A Embraer é a terceira maior fabricante aeronáutica do mundo, com faturamento de cerca de 6 bilhões de dólares e 16.000 funcionários, além de uma gama de jatos civis, militares e também de negócios.

Com sede em São José dos Campos, a Embraer foi privatizada em 1994, mas o governo conservou um poder de veto em questões estratégicas, o “golden share” – que poderia ser usado por Bolsonaro.


Fonte: AFP, via Exame

6 COMENTÁRIOS

  1. Que essa associação é necessária, é fato, porém continuo com meu achismo de que os 80/20% a favor da Boeing ficaria melhor nos 51/49% considerando a soberania do país.
    É bem possível que esteja havendo questionamentos na esfera do novo governo que afinal, foram os genitores dessa brilhante jóia brasileira.

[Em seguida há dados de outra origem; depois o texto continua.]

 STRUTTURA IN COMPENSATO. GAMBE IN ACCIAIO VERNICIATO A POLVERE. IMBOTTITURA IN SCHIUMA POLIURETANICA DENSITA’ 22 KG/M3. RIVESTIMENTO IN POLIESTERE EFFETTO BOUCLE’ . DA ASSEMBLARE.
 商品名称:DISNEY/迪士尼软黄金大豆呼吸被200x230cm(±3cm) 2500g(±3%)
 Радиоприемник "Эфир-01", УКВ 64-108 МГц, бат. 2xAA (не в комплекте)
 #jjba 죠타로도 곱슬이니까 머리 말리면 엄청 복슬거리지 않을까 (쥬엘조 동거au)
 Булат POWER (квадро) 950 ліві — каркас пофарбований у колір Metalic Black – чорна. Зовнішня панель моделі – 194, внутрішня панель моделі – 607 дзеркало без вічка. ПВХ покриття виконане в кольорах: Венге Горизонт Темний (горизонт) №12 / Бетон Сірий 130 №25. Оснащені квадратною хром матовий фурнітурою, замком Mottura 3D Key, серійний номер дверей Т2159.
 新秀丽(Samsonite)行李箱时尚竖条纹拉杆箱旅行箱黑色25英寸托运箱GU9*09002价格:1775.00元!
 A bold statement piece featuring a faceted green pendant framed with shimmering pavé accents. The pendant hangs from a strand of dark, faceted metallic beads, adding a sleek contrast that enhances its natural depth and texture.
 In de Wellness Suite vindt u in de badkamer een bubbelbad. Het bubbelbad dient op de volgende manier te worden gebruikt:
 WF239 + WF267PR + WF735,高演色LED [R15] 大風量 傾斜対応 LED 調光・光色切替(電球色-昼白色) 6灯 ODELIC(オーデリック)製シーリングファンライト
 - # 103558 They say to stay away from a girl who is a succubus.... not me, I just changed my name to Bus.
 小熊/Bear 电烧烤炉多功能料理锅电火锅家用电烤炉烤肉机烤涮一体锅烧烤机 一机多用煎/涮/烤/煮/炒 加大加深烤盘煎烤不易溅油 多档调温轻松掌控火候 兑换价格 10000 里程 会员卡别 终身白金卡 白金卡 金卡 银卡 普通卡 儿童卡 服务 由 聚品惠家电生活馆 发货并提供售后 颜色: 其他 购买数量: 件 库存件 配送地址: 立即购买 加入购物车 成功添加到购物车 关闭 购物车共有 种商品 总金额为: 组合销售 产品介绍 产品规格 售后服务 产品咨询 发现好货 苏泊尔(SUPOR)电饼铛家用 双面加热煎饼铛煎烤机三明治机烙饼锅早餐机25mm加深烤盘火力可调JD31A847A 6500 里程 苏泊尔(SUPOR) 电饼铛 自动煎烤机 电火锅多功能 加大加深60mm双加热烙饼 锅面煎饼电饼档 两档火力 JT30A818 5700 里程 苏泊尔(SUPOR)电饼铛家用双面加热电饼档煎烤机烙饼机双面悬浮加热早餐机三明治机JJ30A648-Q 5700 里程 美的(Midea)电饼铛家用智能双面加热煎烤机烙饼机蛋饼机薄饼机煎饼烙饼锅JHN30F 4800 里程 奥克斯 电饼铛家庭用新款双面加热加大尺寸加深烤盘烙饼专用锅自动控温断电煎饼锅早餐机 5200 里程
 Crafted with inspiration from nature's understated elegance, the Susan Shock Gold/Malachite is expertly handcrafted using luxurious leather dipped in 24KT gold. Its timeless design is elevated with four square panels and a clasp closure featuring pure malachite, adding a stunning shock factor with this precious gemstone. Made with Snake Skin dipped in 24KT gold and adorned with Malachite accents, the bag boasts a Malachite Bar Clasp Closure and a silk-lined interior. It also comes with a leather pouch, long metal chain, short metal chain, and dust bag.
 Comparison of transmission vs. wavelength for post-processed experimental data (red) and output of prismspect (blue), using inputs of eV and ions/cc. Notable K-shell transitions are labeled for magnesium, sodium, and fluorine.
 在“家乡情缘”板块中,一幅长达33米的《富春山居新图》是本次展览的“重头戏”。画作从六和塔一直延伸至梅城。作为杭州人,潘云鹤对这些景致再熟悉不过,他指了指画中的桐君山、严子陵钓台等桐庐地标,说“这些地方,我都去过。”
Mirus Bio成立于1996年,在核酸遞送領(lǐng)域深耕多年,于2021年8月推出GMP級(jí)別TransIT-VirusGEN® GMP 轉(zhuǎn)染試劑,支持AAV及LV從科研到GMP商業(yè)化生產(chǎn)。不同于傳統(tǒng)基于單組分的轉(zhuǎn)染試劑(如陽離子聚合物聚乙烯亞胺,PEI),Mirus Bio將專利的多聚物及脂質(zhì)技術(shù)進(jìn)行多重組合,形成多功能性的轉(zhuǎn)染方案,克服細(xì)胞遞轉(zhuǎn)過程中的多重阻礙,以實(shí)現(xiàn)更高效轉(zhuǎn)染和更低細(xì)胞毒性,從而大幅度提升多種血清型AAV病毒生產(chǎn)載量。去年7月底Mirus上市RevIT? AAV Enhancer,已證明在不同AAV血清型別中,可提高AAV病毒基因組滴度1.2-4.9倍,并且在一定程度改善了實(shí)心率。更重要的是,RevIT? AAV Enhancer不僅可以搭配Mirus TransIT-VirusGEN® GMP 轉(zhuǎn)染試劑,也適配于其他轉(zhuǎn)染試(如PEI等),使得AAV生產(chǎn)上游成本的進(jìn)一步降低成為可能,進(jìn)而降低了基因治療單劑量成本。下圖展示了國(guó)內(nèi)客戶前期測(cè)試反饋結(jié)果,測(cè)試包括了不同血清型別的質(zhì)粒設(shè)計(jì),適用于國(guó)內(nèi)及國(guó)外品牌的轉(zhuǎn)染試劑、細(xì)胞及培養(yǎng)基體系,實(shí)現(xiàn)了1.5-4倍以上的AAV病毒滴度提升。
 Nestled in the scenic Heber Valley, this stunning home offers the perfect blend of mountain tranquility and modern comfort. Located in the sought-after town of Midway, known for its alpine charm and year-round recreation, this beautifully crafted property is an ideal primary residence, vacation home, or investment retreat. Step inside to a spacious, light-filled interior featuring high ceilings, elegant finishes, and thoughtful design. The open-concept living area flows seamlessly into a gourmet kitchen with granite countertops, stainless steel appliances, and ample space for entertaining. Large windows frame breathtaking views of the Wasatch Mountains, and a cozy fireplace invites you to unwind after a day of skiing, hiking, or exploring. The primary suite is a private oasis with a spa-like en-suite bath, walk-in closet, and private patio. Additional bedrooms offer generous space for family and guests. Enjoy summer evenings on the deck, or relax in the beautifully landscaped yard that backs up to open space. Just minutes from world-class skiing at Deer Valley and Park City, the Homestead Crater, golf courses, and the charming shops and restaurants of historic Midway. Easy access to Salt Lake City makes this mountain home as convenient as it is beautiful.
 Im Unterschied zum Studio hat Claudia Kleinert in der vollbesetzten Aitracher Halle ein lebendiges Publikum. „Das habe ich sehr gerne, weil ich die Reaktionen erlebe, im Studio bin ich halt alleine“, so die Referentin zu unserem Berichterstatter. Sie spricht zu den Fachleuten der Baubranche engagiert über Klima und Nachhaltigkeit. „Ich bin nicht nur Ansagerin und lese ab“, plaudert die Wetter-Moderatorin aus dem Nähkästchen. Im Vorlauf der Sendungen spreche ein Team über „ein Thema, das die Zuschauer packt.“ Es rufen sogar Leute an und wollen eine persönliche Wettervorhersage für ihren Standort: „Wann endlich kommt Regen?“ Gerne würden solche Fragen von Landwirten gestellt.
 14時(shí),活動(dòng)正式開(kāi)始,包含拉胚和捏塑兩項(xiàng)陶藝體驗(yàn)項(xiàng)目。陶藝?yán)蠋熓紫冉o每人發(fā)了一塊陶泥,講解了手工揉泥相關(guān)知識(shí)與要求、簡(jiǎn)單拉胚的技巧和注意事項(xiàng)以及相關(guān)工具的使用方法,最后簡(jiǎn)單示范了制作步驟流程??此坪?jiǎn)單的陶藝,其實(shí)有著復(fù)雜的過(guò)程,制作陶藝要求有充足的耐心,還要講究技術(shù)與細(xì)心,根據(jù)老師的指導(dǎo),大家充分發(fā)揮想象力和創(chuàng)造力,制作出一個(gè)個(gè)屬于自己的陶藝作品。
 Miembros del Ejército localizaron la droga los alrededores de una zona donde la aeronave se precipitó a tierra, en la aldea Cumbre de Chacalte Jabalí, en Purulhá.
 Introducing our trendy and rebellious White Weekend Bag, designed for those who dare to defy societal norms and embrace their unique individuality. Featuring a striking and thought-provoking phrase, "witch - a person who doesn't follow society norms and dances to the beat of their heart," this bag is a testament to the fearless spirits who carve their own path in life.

  2. A coisa é muito simples, a Embraer esta como uma moça virgem na Inglaterra do inicio do Sec XIX.
    Ou casa com um homem e se torna sua escrava e perde sua personalidade, ou fica solteira e na perda dos pais perde tudo o que tem e vai para a rua virar prostituta.
    Mas essa situação vexaminosa, esta verdadeira "Escolha de Sofia" se deve ao fato que como todo Brasileiro a Embraer é uma filha bastarda jogada a sua própria sorte.
    Se houvesse um governo digno desse nome ela sobreviveria sem a Boeing pois ele se encarregaria (como faz o Tia Sam via orçamento de Defesa) de mante-la viva com seu corpo técnico.
    Seriam tempos difíceis e ela com certeza perderia muito mercado, mas o que conta para nos em termos de soberania e estratégia é ter uma empresa capaz de projetar aeronaves.
    Manter a Embraer e seu corpo técnico para o Brasil (ainda que com baixa significativa de vendas) é mais importante do que ter uma Embraer na liderança de determinado segmento comercial mas que na pratica não tem nenhuma relação com o pais, e talvez nem mais como empresa e sim como apenas mais um Departamento da Boeing..
    Pelo visto nem mesmo um governo dito de direita esta entendendo a situação, oras ele é o governo que trate logo de formalizar o que pensa para o bem ou para o mal.
    E triste de ver.
    Tenho a impressão que esta nação esta condenada a um destino semelhante ao que a China teve no inicio do séc XX.
    Nosso parque industrial esta indo embora estamos seguindo o mesmo caminho da Argentina, parece que estamos revivendo a mesma maldição que vitimou o Barão de Mauá.
    Estávamos com o plano Espacial e com a inação do governo interesses externos acabaram na pratica com ele, agora que a Embraer esta tomando envergadura, ela se vai novamente vitima da inação do governo em associação com interesses externos.
    Não há no horizonte nenhum governo que tenha noção da importância de subsidiar uma industria de defesa voltada a dotar a nação de condições minimas para ela exercer sua defesa.
    O preço disto não tardará a ser pago por nos…

    • Foi privatizada, agora que procure sua sobrevivencia sem o governo, que se jogue no colo da Boeing ou vá a falência.

      Isso é problema exclusivo de seus acionistas e não do Gov.

      • A perda da Embraer é problema para nossa parca capacidade de empreender em um mercado de altíssimo valor agregado e também no campo geoestratégico para toda a nação.
        O aspecto "Empresa privada" para definir a Boeing e a Aribus é uma meia verdade, na Europa e nos EUA não há nenhum inocente útil que realmente acredite nessa visão rasa e jamais com base nela permitiriam a venda ou o domínio estrangeiro de cada uma delas devido serem um "ativo" absolutamente estratégico para seus respectivos governos.
        O problema de alguns brasileiros é querer ser mais capitalista do que os Yankees!
        Eles se divertem muito com isso pois poupa muito trabalho para eles.
        Receba desde já o profundo agradecimentos deles…rs

      • Todo esse rancor é porque a EMBRAER deixou de ser uma “gloriosa”, perdulária e corrupta estatal Walfrido?

  3. Será a primeira ‘queda de braço’ entre o núcleo econômico liberal do governo e o núcleo militar, estatista e interventor por essência.

    Não vejo meio termo nesta questão.